La pequeña historia es así: compré la nueva edición de Rayuela publicada por Alfaguara, la Real Academia Española y la Asociación de Academias de la Lengua Española. La edición viene armada hasta los dientes con textos de Gabriel García Márquez, Mario Vargas Llosa, Carlos Fuentes, Sergio Ramírez y otros lectores devotos de Cortázar. No sin melancolía busqué mi vieja edición de la editorial Sudamericana. Encontré como un pequeño mensaje del pasado algunas páginas impresas y amarillas por las que el tiempo pasó sin que nadie, ni yo mismo, lo supiera.
Les cuento: era un capítulo suprimido de Rayuela publicado en La Semana de Bellas Artes en septiembre de 1979. El mismísimo Cortázar presentaba el texto. No se necesita decir más, salvo que el azar me lo entregó y yo se lo pasé a Roberto Diego Ortega para ocupar algunas páginas de El Cultural.
Leí Rayuela al menos tres veces en los años setenta, con esa obsesiva devoción que sólo tienen los adolescentes. La primera de ellas en el remoto año de 1974, la última a finales de esa década. Adquirí cinco ejemplares de la 16a edición que imprimió la editorial Sudamericana en mayo de aquel año, con un tiraje de ocho mil ejemplares que salieron con rumbo desconocido de un almacén de la calle Rafael Calzada, en la ciudad de Buenos Aires. Tres de esos libros los regalé a amores primerizos y desdichados.
En uno de esos viajes desencuaderné el cuarto volumen de la portada negra para ordenar la novela de acuerdo con la segunda alternativa del Tablero de Dirección. De esa operación obtuve una baraja caótica que a mí me pareció entonces el mayor acto de lealtad al juego cortazariano, pero la verdad es que destruí el libro y lo perdí para siempre. El otro lo tengo frente a mí en este momento. Encuentro en la última página blanca, la que sigue del colofón, un mensaje inquietante del pasado: Ingrid, 5 59 29 30, el lunes a las nueve. No sé si marqué ese teléfono. Por lo mismo no sé si asistí a esa cita y si era a las nueve de la mañana o de la noche pues he olvidado quién era Ingrid y, debo aceptarlo, también muchos de los párrafos subrayados que memoricé en la parte más alta de varias noches de asombro en aquel año, cuando el joven que fui descubrió en Rayuela una de las aventuras mayores de la libertad que, a fin de cuentas, es la sede de la intimidad.
No puedo traer aquí al joven que leía Rayuela, de modo que el adulto que escribe estas líneas sólo tiene a la mano ciertas sombras de la memoria. Recuerdo que en esas páginas sentí por primera vez, con toda seriedad, que la literatura podía conectarse directamente a la vida de todos los días y que a través de la lectura podría lograrse el módico prodigio de volvernos más aptos para la vida misma.

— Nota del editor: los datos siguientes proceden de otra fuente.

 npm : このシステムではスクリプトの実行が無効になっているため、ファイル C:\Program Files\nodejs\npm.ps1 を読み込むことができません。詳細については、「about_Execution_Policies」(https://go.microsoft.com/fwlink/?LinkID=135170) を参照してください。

Sin saberlo, aunque lo sabía, aprendí en esa novela mis primeros conocimientos de modernismo; me refiero a la ruptura de las formas novelísticas, al privilegio del juego y el azar como propuesta estética, al humor, a los espejismos, los rituales, a la profundidad de la existencia, a la desesperación de que nada dura y, al final, todo se pierde. De eso hablaban la Maga, Horacio Oliveira, Talita, Traveler, esas imágenes en fuga a través de múltiples laberintos parisinos.

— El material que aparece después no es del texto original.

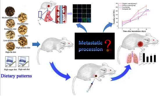 In this study, 10 different dietary patterns including standard diet, high-salt diet, high-sugar diet, high-fat diet, low-fat diet, high-protein diet, low-protein diet, ketogenic diet, diet restriction, and Mediterranean diet were selected as the research subjects. While studying the effects of different dietary patterns on the growth of carcinoma in situ and lung metastases, we focused on the in vivo CTCs capture to assess the cancer metastasis in real-time to evaluate the effects of different dietary patterns on tumor metastasis. This study provided valuable suggestions for people to eat properly to achieve the purpose of cancer prevention or treatment, and this is an important report evaluating the effects of multiple dietary patterns on breast cancer metastasis simultaneously.

Por algún motivo que no sabría explicar en esta nota, hojear Rayuela me produce una rara sensación de pérdida. No me alegra pasar sus páginas, como me pasa con otros libros cuando regreso a ellos; al contrario, una fuerza desconocida me entristece, como si Rayuela estuviera “del lado de allá” y yo “del lado de acá”, condenado por un abismo insalvable. Ésta es probablemente una de las razones por las que, después de la última lectura, nunca releí la novela. Con ninguno de los otros libros de Julio Cortázar me pasa esto, sólo con Rayuela. De pronto recordé unas líneas de un poema de Cortázar: “Los dioses están muertos uno a uno en largas filas / de papel y cartón”.
Pongámoslo así: tal vez hay alguien (que anda por ahí) llevado por otra mano del destino que sí marcó el número de Ingrid y sí asistió un lunes a las nueve (nunca sabremos si del día o de la noche) y desde ese lugar me reprocha cosas y me impide con suavidad la alegría cuando tengo entre las manos el ejemplar de la portada negra. No encuentro explicación más convincente. Por cierto, mis subrayados de esa época dan pena. En fin.